What questions were participants asked?

We’ve already touched on this, but the wording of survey questions—especially for qualitative datasets—is significant. Questions may deliberately be phrased to preclude certain answers. A question’s context may also impact the findings in a way that’s not immediately obvious. Understanding these issues will shape how you perceive the data.  

What is the form/shape/structure of the data?

Finally, to practical issues. Is the structure of the data suitable for your needs? Is it compatible with other sources or with your preferred analytics approach? This is purely a structural issue. For instance, if a dataset of people’s ages is saved as numerical rather than continuous variables, this could potentially impact your analysis. In general, reviewing a dataset’s structure helps better understand how they are categorized, allowing you to account for any discrepancies. You may also need to tidy the data to ensure they are consistent with any other sources you’re using.  

This is just a sample of the types of questions you need to consider when reviewing a secondary data source. The answers will have a clear impact on whether the dataset—no matter how well presented or structured it seems—is suitable for your needs.

Assessing secondary data’s credibility

After identifying a potentially suitable dataset, you must double-check the credibility of the data. Namely, are the data accurate and unbiased? To figure this out, here are some key questions you might want to include:

What are the credentials of those who carried out the original research?

Do you have access to the details of the original researchers? What are their credentials? Where did they study? Are they an expert in the field or a newcomer? Data collection by an undergraduate student, for example, may not be as rigorous as that of a seasoned professor.  

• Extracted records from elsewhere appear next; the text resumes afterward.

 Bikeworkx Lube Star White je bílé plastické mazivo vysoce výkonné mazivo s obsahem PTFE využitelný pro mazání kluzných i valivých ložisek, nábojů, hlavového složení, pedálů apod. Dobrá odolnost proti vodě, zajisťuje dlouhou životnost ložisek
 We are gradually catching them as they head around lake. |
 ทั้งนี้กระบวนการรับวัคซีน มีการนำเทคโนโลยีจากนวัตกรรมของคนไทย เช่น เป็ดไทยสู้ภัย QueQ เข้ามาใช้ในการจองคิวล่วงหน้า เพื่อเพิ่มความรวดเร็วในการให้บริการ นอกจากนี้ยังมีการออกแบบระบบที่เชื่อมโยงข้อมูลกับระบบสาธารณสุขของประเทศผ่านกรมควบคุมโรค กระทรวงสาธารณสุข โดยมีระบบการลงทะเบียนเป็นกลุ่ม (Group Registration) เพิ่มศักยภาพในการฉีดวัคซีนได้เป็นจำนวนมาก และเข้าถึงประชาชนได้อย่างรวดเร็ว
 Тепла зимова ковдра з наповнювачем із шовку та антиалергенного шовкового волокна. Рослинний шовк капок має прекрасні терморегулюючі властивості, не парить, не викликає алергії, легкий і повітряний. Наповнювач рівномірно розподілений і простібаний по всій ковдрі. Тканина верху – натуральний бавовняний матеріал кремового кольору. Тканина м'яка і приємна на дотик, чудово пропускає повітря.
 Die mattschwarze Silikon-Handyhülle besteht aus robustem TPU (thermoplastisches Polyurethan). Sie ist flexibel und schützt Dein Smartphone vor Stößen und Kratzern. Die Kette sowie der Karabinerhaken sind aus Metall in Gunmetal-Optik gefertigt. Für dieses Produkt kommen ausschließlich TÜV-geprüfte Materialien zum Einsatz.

And did the original researcher work for a reputable organization? What other affiliations do they have? For instance, if a researcher who works for a tobacco company gathers data on the effects of vaping, this represents an obvious conflict of interest! Questions like this help determine how thorough or qualified the researchers are and if they have any potential biases.

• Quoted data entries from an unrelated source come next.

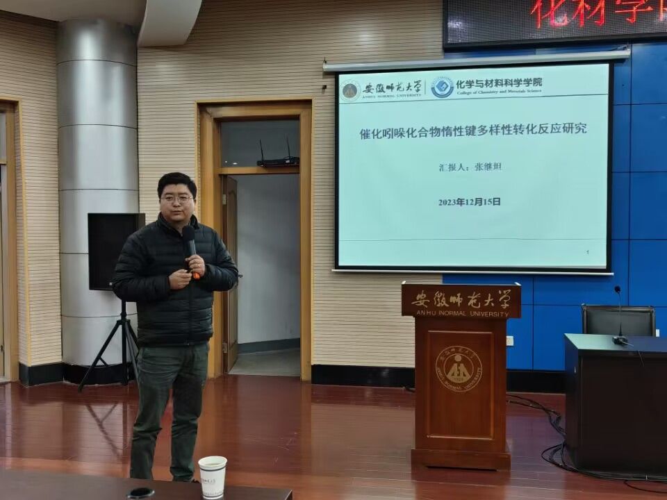 青年教师祝崇伟、宋品和张继坦分别作了题为“π-共轭纳米碳分子的构建及性能研究”、“二维材料在光催化领域中的应用研究”和“催化吲哚化合物惰性键多样性转化反应研究”的学术沙龙报告。祝崇伟博士首先介绍了sp2碳分子材料的研究背景,从sp2碳的同素异形体引入,讲解了碳-苯的应用探索(OPVs)以及carbon-OPEa的设计合成,阐述了sp2非交替纳米分子在不同氧化态下的分子构型。总结了非平面纳米碳分子目前存在的问题并对开发高导电率和电荷多维度传输的碳分子材料作出了展望。宋品博士分别从组装体材料、二维材料、3D打印介绍了他的研究工作。阐述了各个工作的研究背景,已经取得的阶段成果及在光催化领域中的应用。张继坦博士首先介绍了碳氢官能化选择性问题和吲哚骨架自身的修饰问题,分析了存在的挑战如反应活性、化学选择性、区域选择性、立体选择性和转化多样性等,然后提出了可通过导向策略、配体调控和新型催化体系等解决措施。最后讲述了未来研究计划中仍存在的挑战以及可通过配体/手性助剂、金属催化剂、偶联试剂等途径解决。
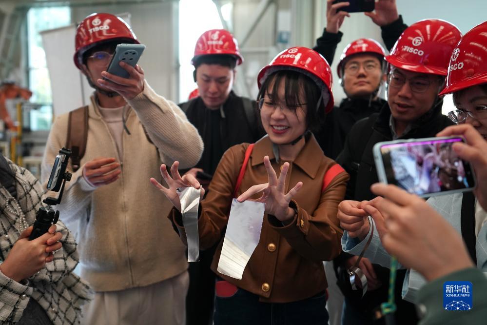 10月24日,參觀者在中國寶武山西太鋼不銹鋼精密帶鋼有限公司車間展示“手撕鋼”。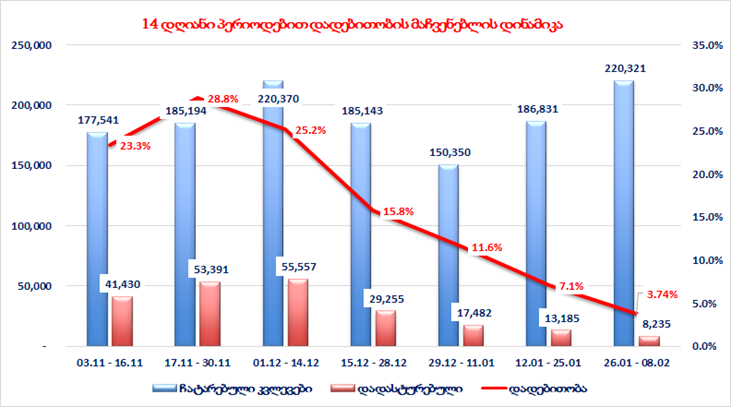 29 დეკემბერი-11 იანვრის განმავლობაში საშუალოდ დღეში აღებული იქნა 10.920 საკვლევი ნიმუში,  12-25 იანვარი  13.311 ნიმუში,  26 იანვარი - 8 თებერვალი 15.566 ნიმუში. (საშუალოდ დღეში ბოლო ერთი თვის მანძილზე 14.438 PCR და Antigen ნიმუშები)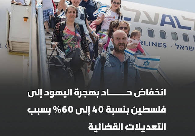 Read Moreصحيفة يديعوت أحرونوت: انخفاض حاد بمعدل بالهجرة اليهودية إلى فلسطين بنسبة تتراوح بين 40-60% خلال الأشهر الفائتة بسبب أزمة التعديلات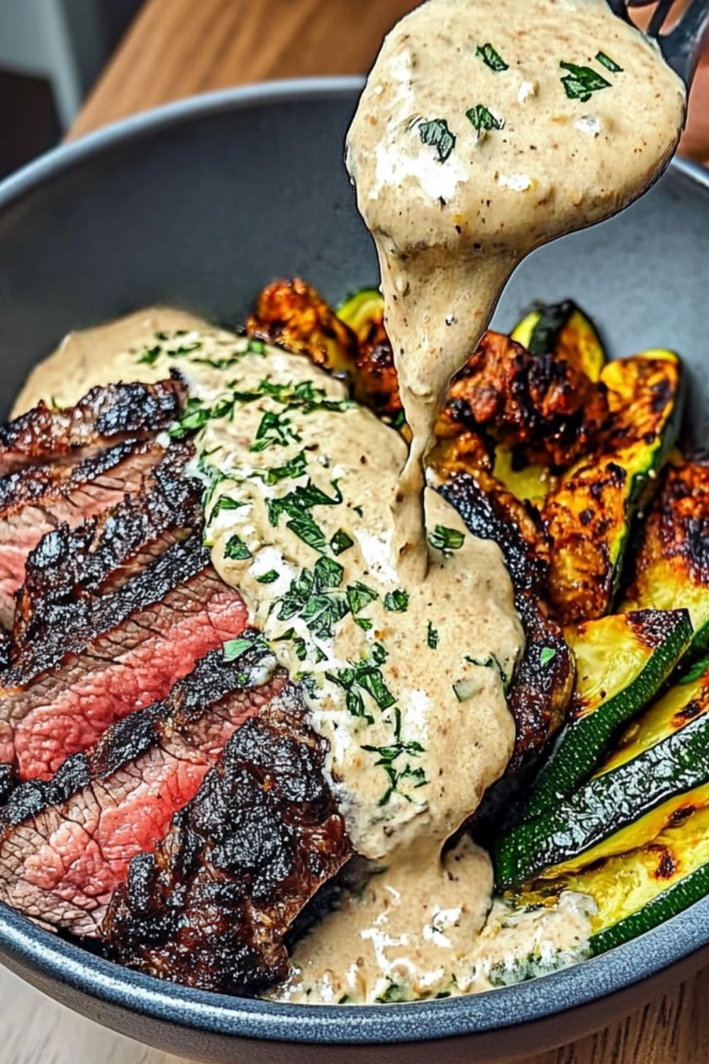 Grilled Steak Bowl with Creamy Sauce & Grilled Zucchini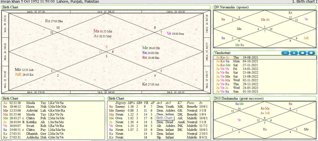 Pakistan Prime Minister Imran khan: Imran khan Pakistan prime minister is rejoicing these days as his little success in supporting Taliban in Afghanistan. Imran khan has Sagittarius lagna with lagna lord in 5th house conjunct 8th lord moon aspect venus 6th and 11th lord. Great signification is attached with specially 6th lord which is lord of fight ,enemy trouble from enemy of Venus and secrecy of 8th house concerned with Moon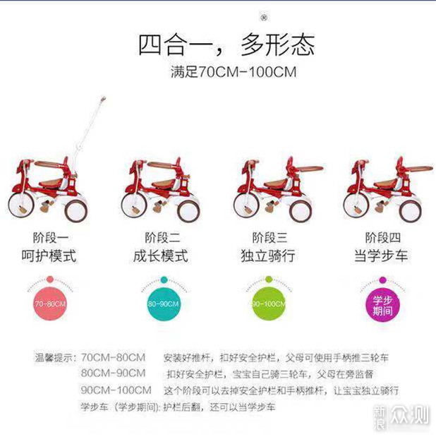 说明:宝妈们一定要注意,iimo这个品牌的三轮车,身高超过110cm的宝宝就不能用了。小虎子品牌在介绍时说适合1-6岁儿童,不符合实际情况,孩子超过4岁基本不会喜欢这种车子的,而且也伸不开腿。ides适合1-4岁没什么问题,星辉在介绍时说适合1-3岁儿童也符合实际情况,可是它不带遮阳伞,那么小的孩子风吹日晒的多不舒服。RadioFlyer适应年龄说到5岁那是不可能的,5岁的孩子多高了,根本用不了那种车型,有夸大之嫌。 ②、安全性: 选购儿童三轮车,要注意在把手及座位之间的区域不得有任何可能造成伤害的凸起,车体上不得有任何可能造成伤害的挤夹点,任何可能触及的活动部位上或活动部位之间的孔隙均应小于5mm或大于12mm,以防小孩夹伤手指,三轮车的脚蹬最低处离地不应小于40mm,避免儿童在骑行中脚部容易碰地导致受伤。 我列举的这几个品牌都是消费者协会检查合格产品,所以我从安全护栏多点式角度分析: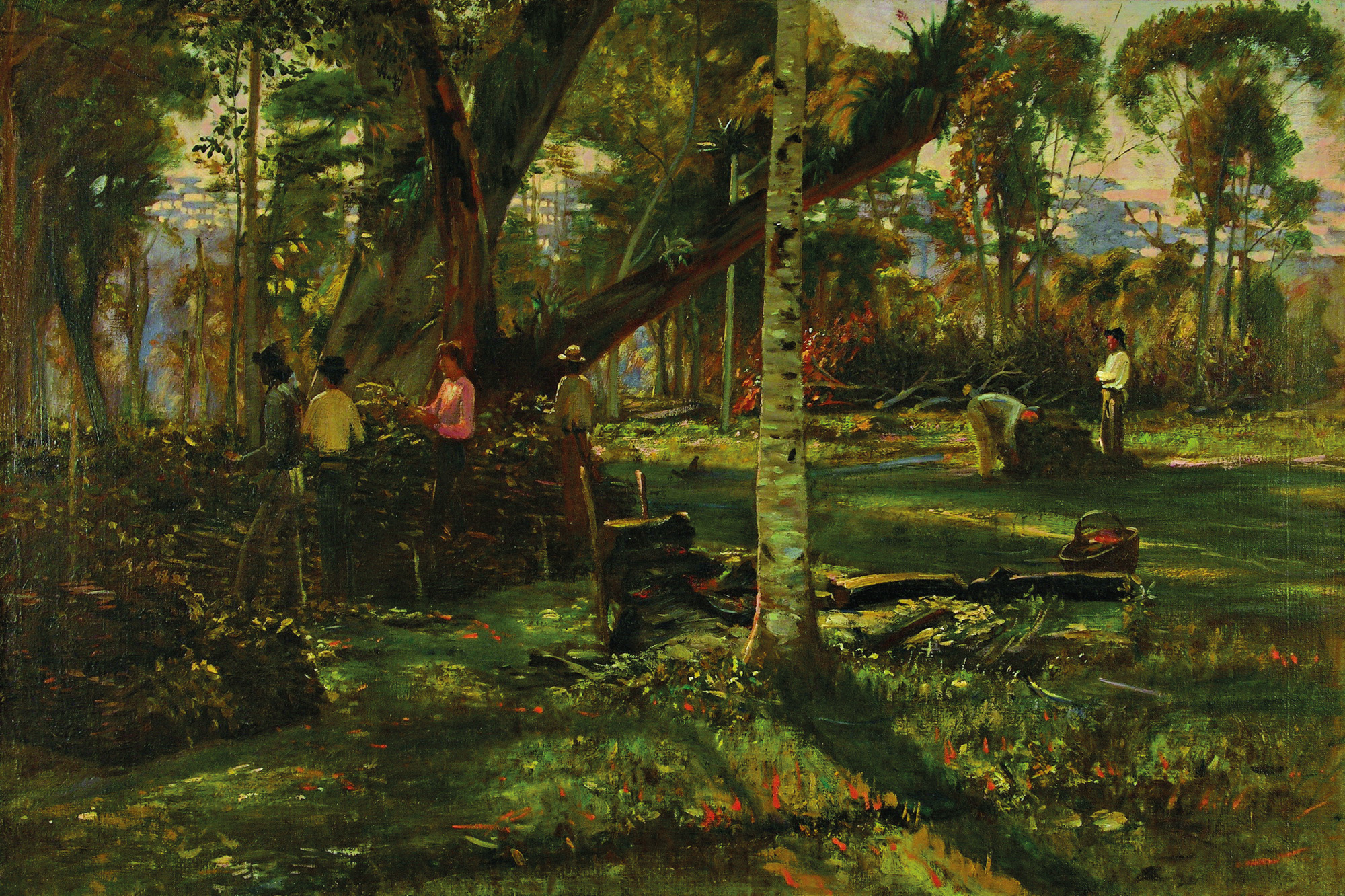 Esta pintura retrata uma paisagem. Algo interessante para refletir sobre ela é o fato de que o artista norueguês Alfredo Andersen interessava-se por retratar a realidade. Um exemplo é esta obra, que mostra o tratamento dado às folhas de erva-mate após a colheita. O ciclo da erva-mate foi a principal atividade econômica do Paraná no decorrer do século XIX, mesmo período em que Andersen residiu em Curitiba. Sabendo que esse artista não era brasileiro, o que você acha que poderia despertar mais a atenção dele nas cenas da nossa cultura?

Do you have access to the full methodology?

Does the dataset include a clear methodology, explaining in detail how the data were collected? This should be more than a simple overview; it must be a clear breakdown of the process, including justifications for the approach taken. This allows you to determine if the methodology was sound. If you find flaws (or no methodology at all) it throws the quality of the data into question.  

How consistent are the data with other sources?

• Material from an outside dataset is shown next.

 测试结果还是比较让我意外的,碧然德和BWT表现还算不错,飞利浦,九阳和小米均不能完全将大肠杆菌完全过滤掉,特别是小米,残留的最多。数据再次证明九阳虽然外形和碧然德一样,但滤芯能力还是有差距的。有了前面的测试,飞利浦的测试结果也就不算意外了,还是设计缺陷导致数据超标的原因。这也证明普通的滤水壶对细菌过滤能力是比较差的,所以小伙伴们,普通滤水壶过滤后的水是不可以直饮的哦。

Do the secondary data match with any similar findings? If not, that doesn’t necessarily mean the data are wrong, but it does warrant closer inspection. Perhaps the collection methodology differed between sources, or maybe the data were analyzed using different statistical techniques. Or perhaps unaccounted-for outliers are skewing the analysis. Identifying all these potential problems is essential. A flawed or biased dataset can still be useful but only if you know where its shortcomings lie.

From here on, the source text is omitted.